Open
Description
Describe the bug
Pandas COW will be enabled by default in version 3.0.
For example, today I just found that TargetEncoder
doesn't work properly with it enabled.
There are probably many other examples that could be uncovered by testing.
Steps/Code to Reproduce
import pandas as pd
from sklearn.preprocessing import TargetEncoder
pd.options.mode.copy_on_write = True
df = pd.DataFrame({
"x": ["a", "b", "c", "c"],
"y": [4., 5., 6., 7.]
})
t = TargetEncoder(target_type="continuous")
t.fit(df[["x"]], df["y"])
Expected Results
No error.
Actual Results
ValueError Traceback (most recent call last)
Cell In[2], line 10
5 df = pd.DataFrame({
6 "x": ["a", "b", "c", "c"],
7 "y": [4., 5., 6., 7.]
8 })
9 t = TargetEncoder(target_type="continuous")
---> 10 t.fit(df[["x"]], df["y"])
File ~/.conda/envs/jhop311/lib/python3.11/site-packages/sklearn/base.py:1152, in _fit_context.<locals>.decorator.<locals>.wrapper(estimator, *args, **kwargs)
1145 estimator._validate_params()
1147 with config_context(
1148 skip_parameter_validation=(
1149 prefer_skip_nested_validation or global_skip_validation
1150 )
1151 ):
-> 1152 return fit_method(estimator, *args, **kwargs)
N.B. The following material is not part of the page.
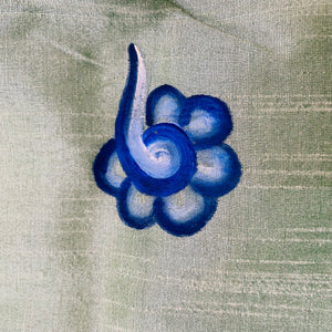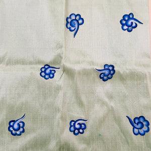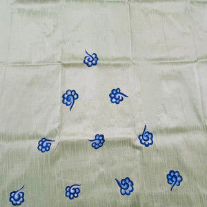 This Pista green hand painted Dupion Silk fabric has Floral one stroke painting as the bottom and also on sleeves. It has a unique blue floral motifs. A classic piece that can be worn with any dupatta or bottomwear for a smart look.

File ~/.conda/envs/jhop311/lib/python3.11/site-packages/sklearn/preprocessing/_target_encoder.py:203, in TargetEncoder.fit(self, X, y)
186 @_fit_context(prefer_skip_nested_validation=True)
187 def fit(self, X, y):
188 """Fit the :class:`TargetEncoder` to X and y.
189
190 Parameters
(...)
201 Fitted encoder.
202 """
--> 203 self._fit_encodings_all(X, y)
204 return self
File ~/.conda/envs/jhop311/lib/python3.11/site-packages/sklearn/preprocessing/_target_encoder.py:332, in TargetEncoder._fit_encodings_all(self, X, y)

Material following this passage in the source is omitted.